The Giants have stated repeatedly that their organizational philosophy going forward will emphasize pitching, defense and team speed. I know that hasn’t been served by some recent contracts (Aubrey Huff, anyone?), but if they want to make pitching the franchise cornerstone then they have to do a couple of deals like this one. I think it means that Lincecum goes elsewhere in 2014 but by then we could see all kinds of things happen. They’ve got solid talent up the middle coming (Gary Brown, Joe Panik) and a surfeit of young catchers they could trade (Hector Sanchez, Tommy Joseph, Andrew Susac) for other pieces. What they don’t have (beyond Bumgarner) are cornerstone pitchers to make it all work. Now they do, although I agree that they take on a lot of risk with this deal, and they pay almost full retail for Matt Cain’s services.

bubba
Guest
bubba
4 years 3 months ago

won’t they own the ballpark outright in 2017?

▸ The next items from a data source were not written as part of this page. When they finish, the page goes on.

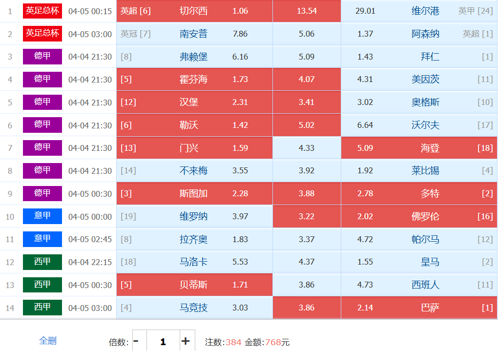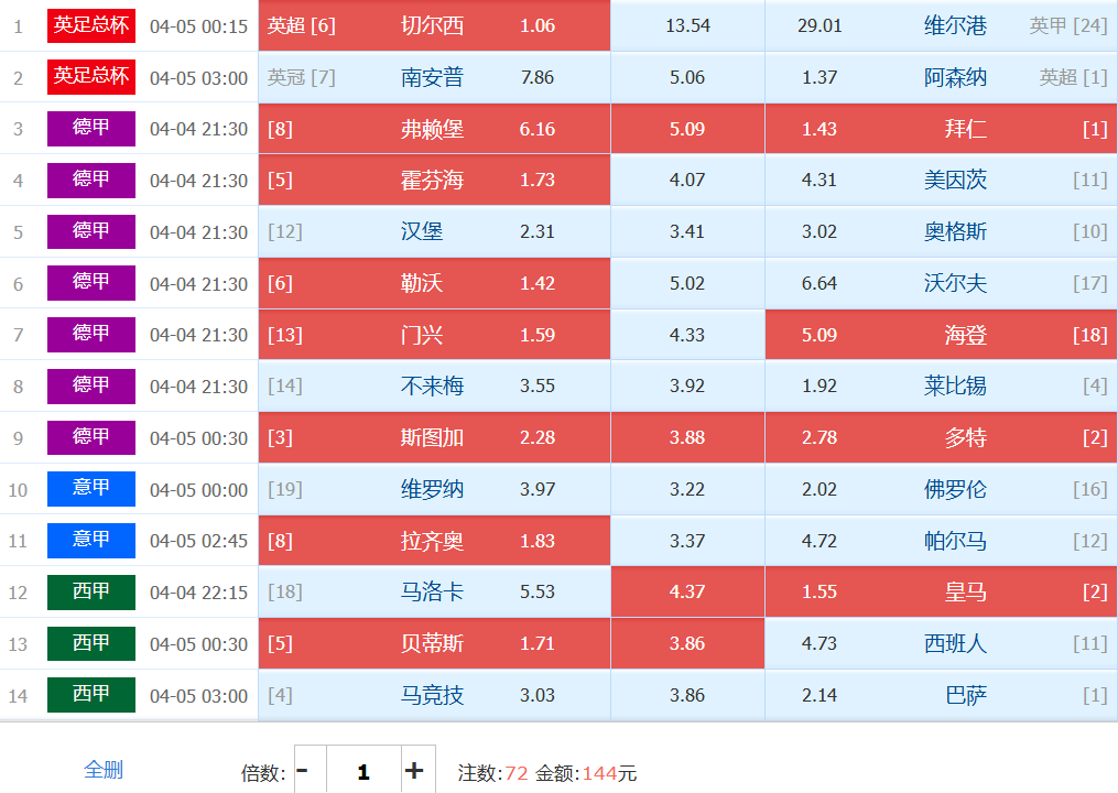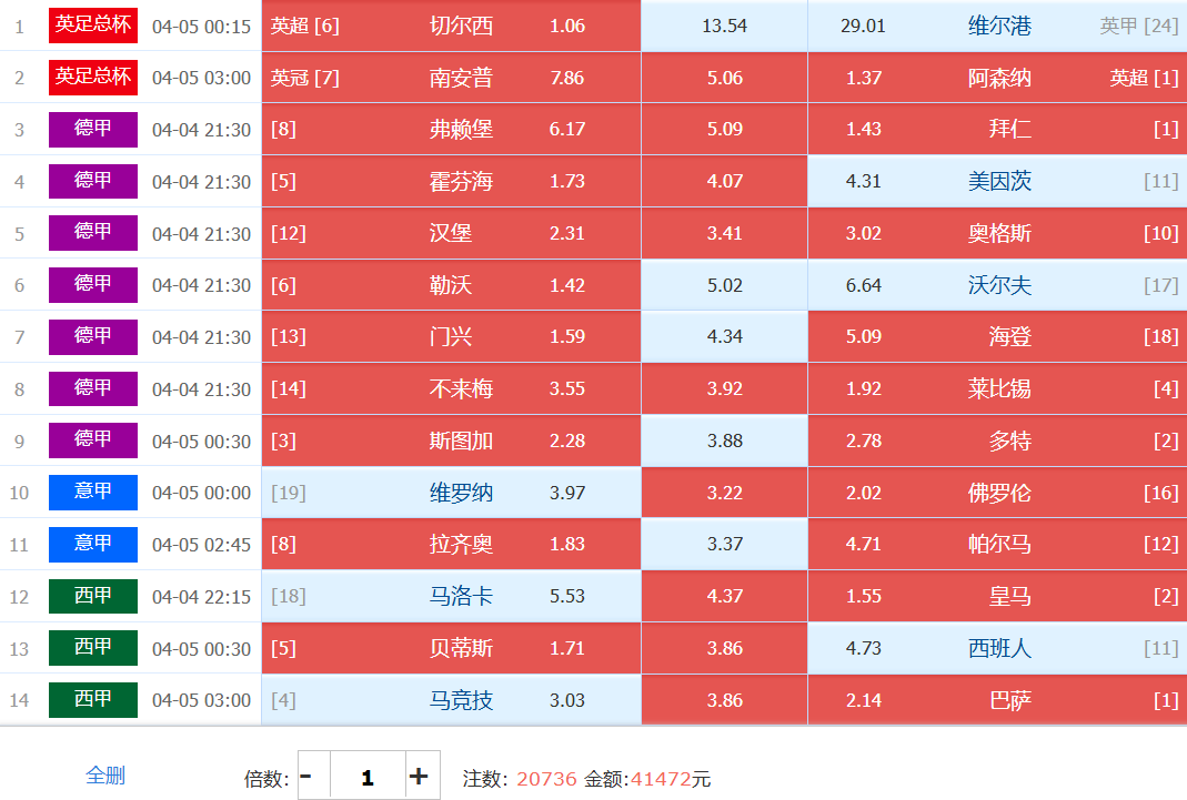 胜负彩实战单:基于大底单做减法——搏胆霍芬海姆+贝蒂斯+拉齐奥、汉堡走31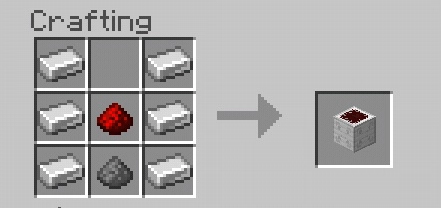Чтобы скрафтить мясорубку, Вам понадобятся 6 железных слитков, 1 пыль красного камня, 1 порох.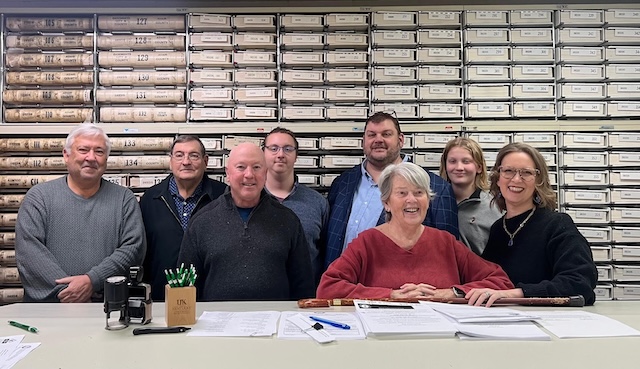 2025-12-22 - Columbia, KY - Photo from Cayce Davenport. Todd Davenport, (D), Magistrate of District 2, filed for the office of Adair County Judge Executive today. Pictured from left are: Doug Beard, Bro. William Davenport, Joseph Flowers, Lash Davenport, Todd Davenport, Candice Flowers, Emmett Davenport, and Cayce Davenport.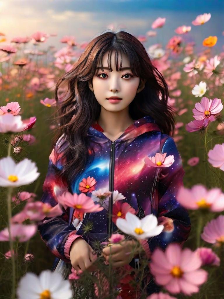 コスモスの花を指定すると、服が宇宙柄になったり、空が天の川になったり、引っ張られてしまいます。
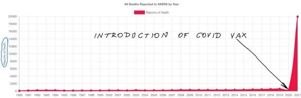 The chart depicts the number of yearly death reports following vaccination for the last thirty years. It shows that the numbers held relatively steady from 1990 until 2020, and they were generally under 500 cases per year. This changed dramatically toward the end of 2020 when the Covid vaccines were introduced. At that point, we see a rapid explosion of death reports. So exponential is the increase that the graph line shoots up almost vertically.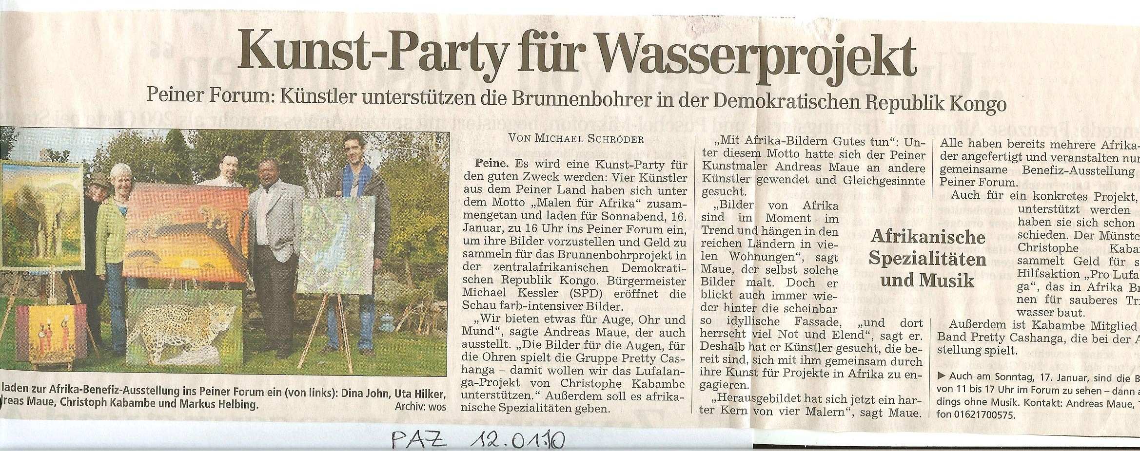 Kunst-Party für Wasserprojekt - PAZ vom 12.01.2010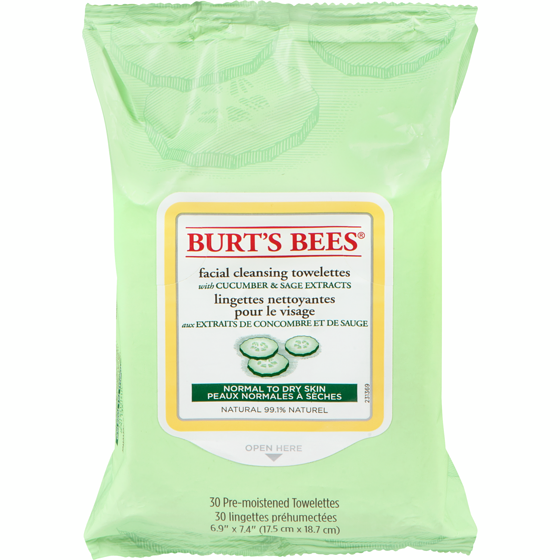 Refreshing Facial Cleanser Towelettes and Makeup Remover Wipes for All Skin Types with Cucumber & Mint 30ea
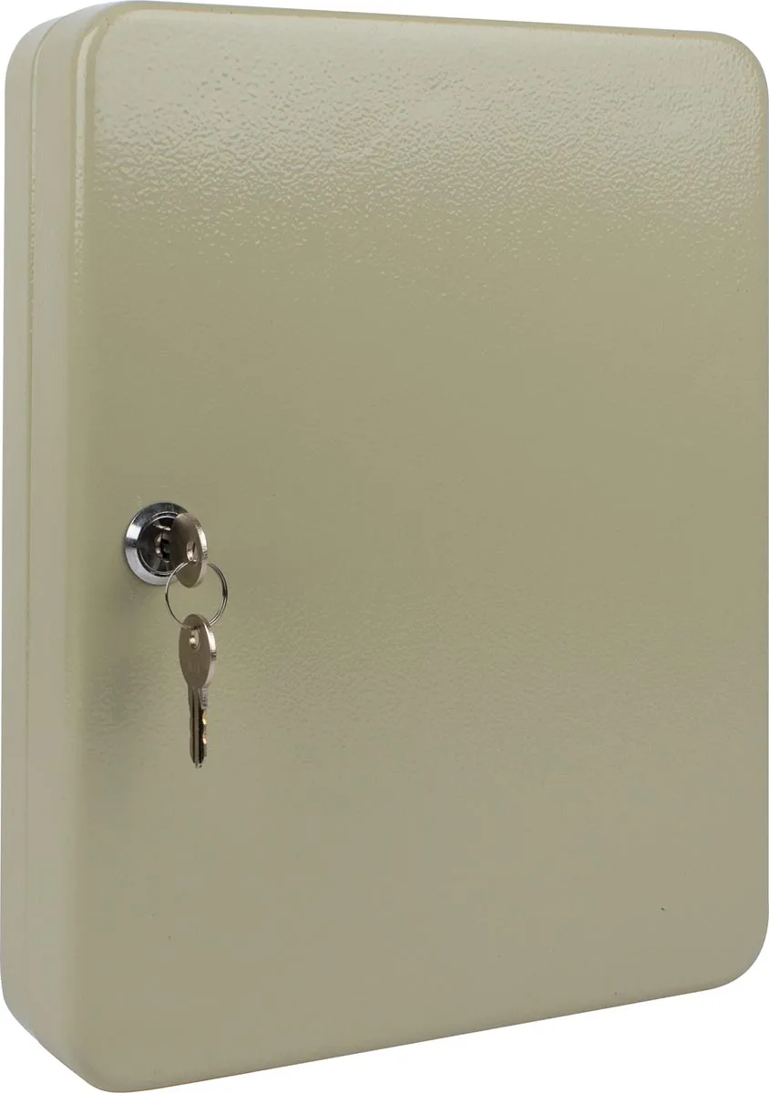 Uit plaatstaal. Met genummerde haakje. Met cilinderslot en 2 sleutels. Geleverd met wandbevestingsmateriaal. Kleur: grijs.

i think that’s another $15-$20 mil they’ll have to spend on payroll.

Dan M.
Guest
Dan M.
4 years 3 months ago

That’s never stopped any real MLB owners so why should it stop you?

Scott
Guest
Scott
4 years 3 months ago

If I had any faith in Sabean and the front office to identify and attract high-end free agent hitters, I would agree with this post. But this is the same team and management that signed Aaron Rowand to a 5 year deal, Dave Roberts to a 3 year deal (to play CF!), allegedly tried to sign Gary Matthews Jr. and Juan Pierre to multi-year deals, and got outbid on Juan Uribe and Carlos Lee (if I remember correctly). With luck, the scouting department will be able to develop more quality homegrown hitters, and they won’t have to rely on the free agent market too much for hitters.

Dan
Guest
Dan
4 years 3 months ago

this is definitely a valid point!

Sabean Wannabe
Guest
Sabean Wannabe
4 years 3 months ago

Who says they can’t identify the FA hitters? Do you have inside knowledge of their pursuit of FA hitters? To what degree did they pursue Pujols, Fielder, Reyes, Holiday, Texeira, Beltre, Crawford, etc, etc, etc. You don’t know what was done. If the Group A hitters aren’t interested in playing in SF, then its on to Groups B and C and thus some bad contracts.

Naveed
Guest
Naveed
4 years 3 months ago

This is a team that traded for Orlando Cabrera.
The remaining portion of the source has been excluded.